SUPPLIED DATA ▸
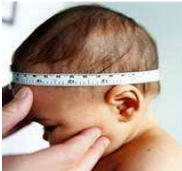
Bosh aylanasini o'lchash

O'pkaning tiriklik sig'imi — spirometr asbobida o'lchanadi. Buning uchun bemor chuqur nafas olib, spirometr asbobiga puflaydi. Erkaklarda normada o'pkaning tiriklik sig'imi ayollarnikiga qaraganda katta bo'ladi.
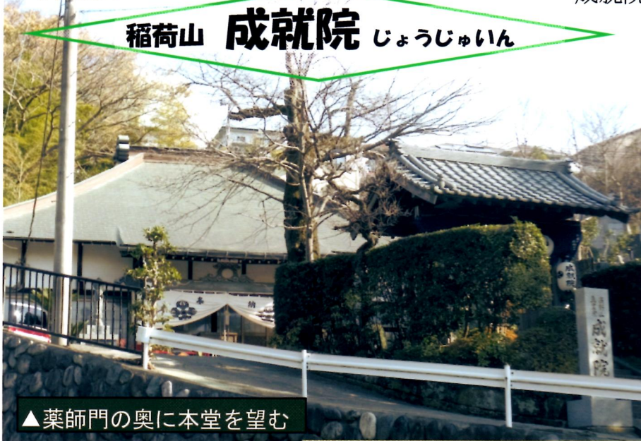
▲薬師門の奥に本堂を望む

ACTIVITY ▸ Every line above should be transcribed exactly, though no image should be carried over.

TASK OUTPUT ▸
Bosh aylanasini o'lchash

O'pkaning tiriklik sig'imi — spirometr asbobida o'lchanadi. Buning uchun bemor chuqur nafas olib, spirometr asbobiga puflaydi. Erkaklarda normada o'pkaning tiriklik sig'imi ayollarnikiga qaraganda katta bo'ladi.
▲薬師門の奥に本堂を望む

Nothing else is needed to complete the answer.